You may be interested in these other pages for more information on LiftOver or creating your own Whole Genome Alignments:

Syntenic Net

Below is a script used to create the hg38 to oviAri3 syntenic net file. If you would like to create a syntenic net file for your pairwise alignment, you can use the script as a template.
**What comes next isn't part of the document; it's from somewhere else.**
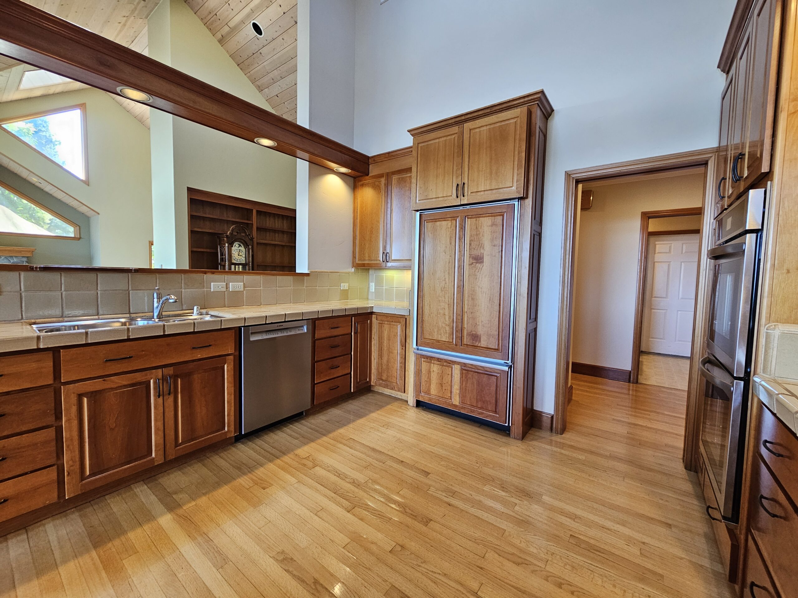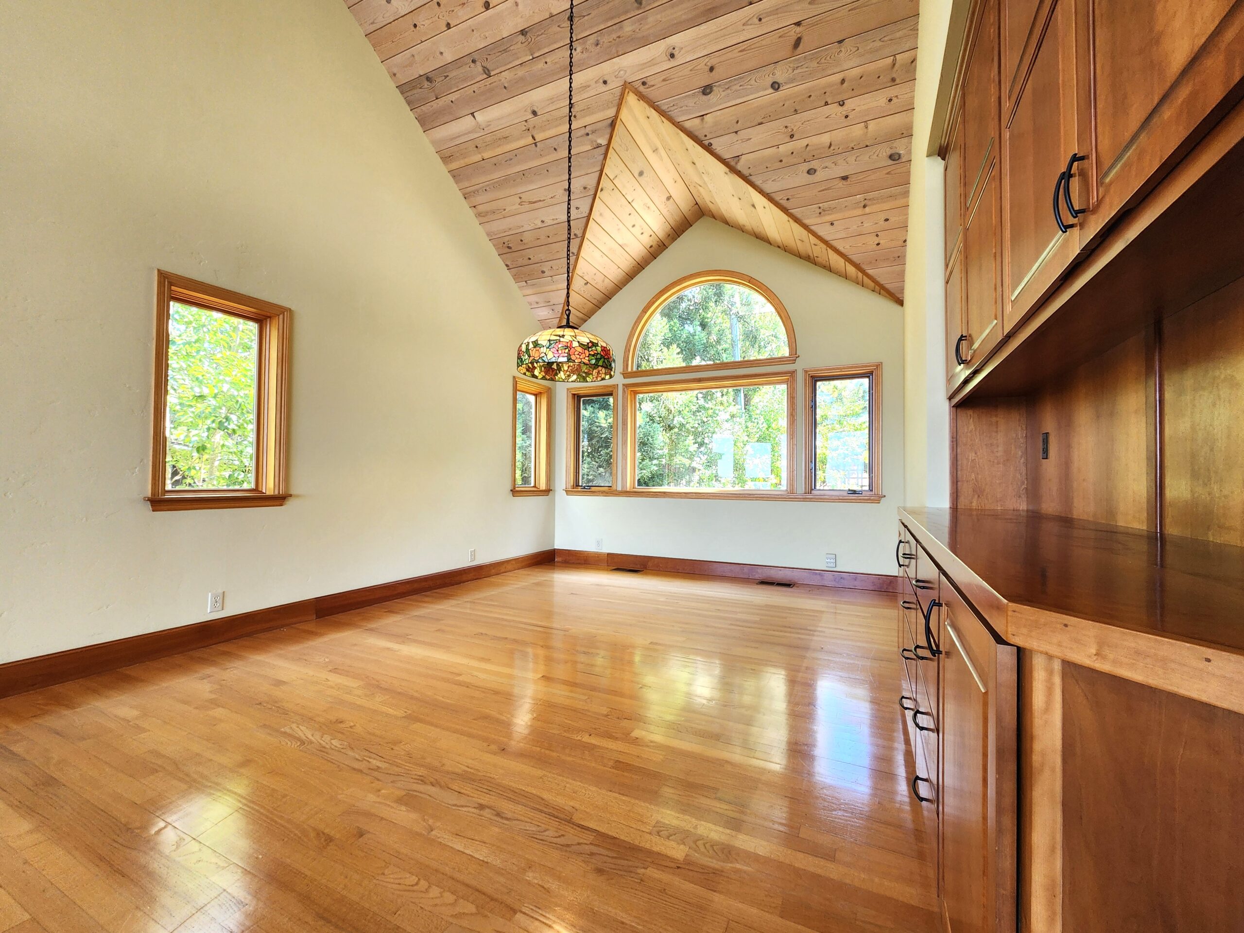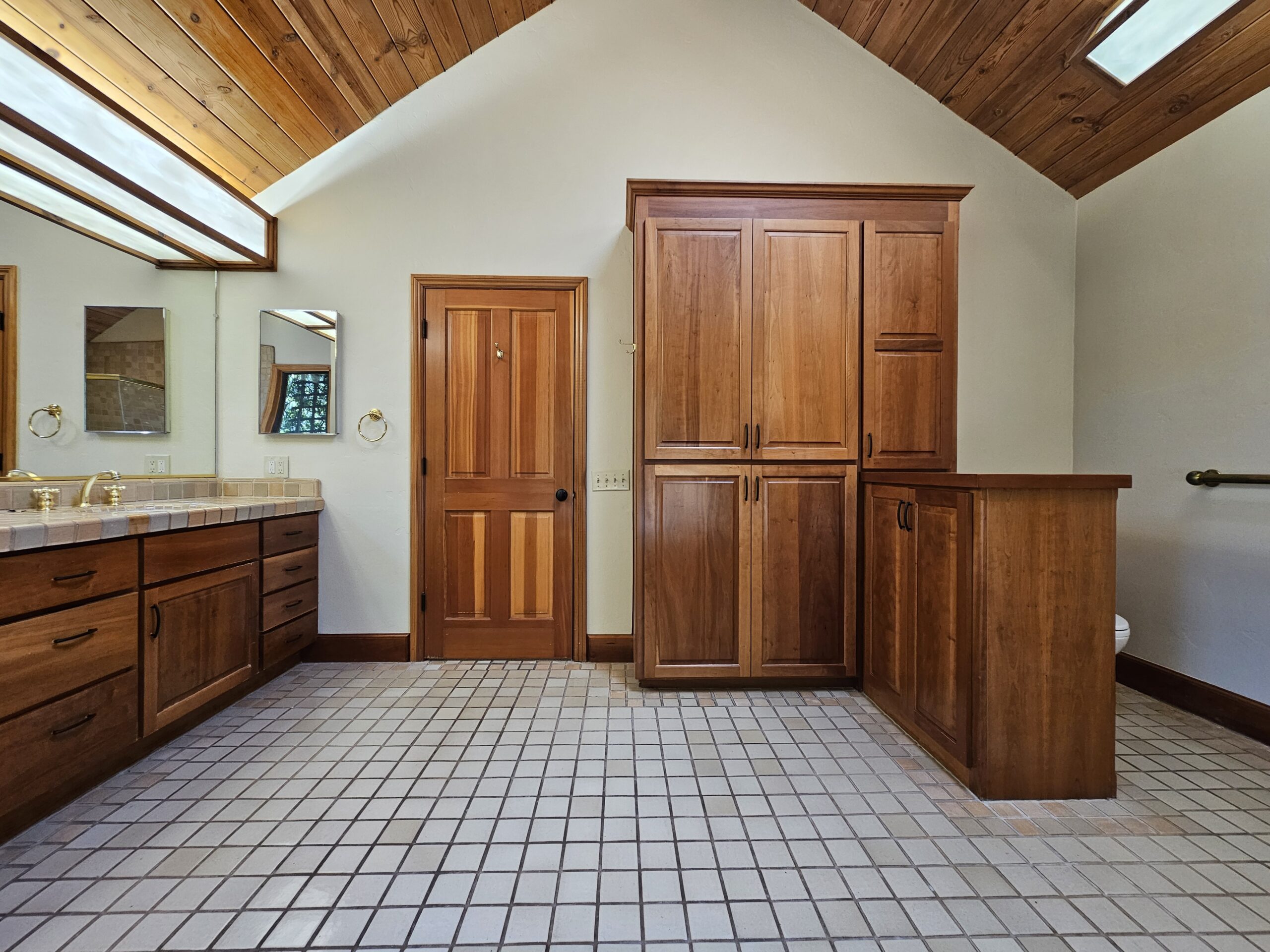 The expansive living room features skylights that flood the space with natural light, creating a warm and inviting atmosphere. Adjacent to the living room is a large outdoor patio, ideal for entertaining guests or enjoying peaceful moments outdoors.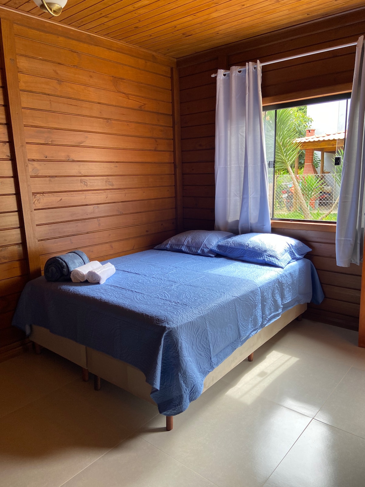 Chalé acogedor en el Circuito Caravaggio en Santa Teresa. Ideal para una pareja o pareja con 2 hijos. Cuenta con cama de matrimonio, cama individual, televisor inteligente, aire acondicionado, cocina de apoyo con minibar, freidora de aire, microondas y cafetera. Hay ropa de cama, toallas y secador de pelo disponibles. Ubicación privilegiada, cerca de bodegas y excelentes restaurantes. ¡Perfecto para un fin de semana tranquilo! Ubicado en el sitio: hostal. Desayuno el viernes incluido.

You will need to change file paths and file names to match your input.

#!/bin/csh -efx
# This script was automatically generated by /cluster/bin/scripts/doBlastzChainNet.pl
# from /hive/data/genomes/hg38/bed/lastzOviAri3.2015-01-21/DEF
# It is to be executed on hgwdev in /hive/data/genomes/hg38/bed/lastzOviAri3.2015-01-21/axtChain .
# It filters the net for synteny and creates syntenic net MAF files for
# multiz. Use this option when the query genome is high-coverage and not
# too distant from the reference.  Suppressed unless -syntenicNet is included.
# This script will fail if any of its commands fail.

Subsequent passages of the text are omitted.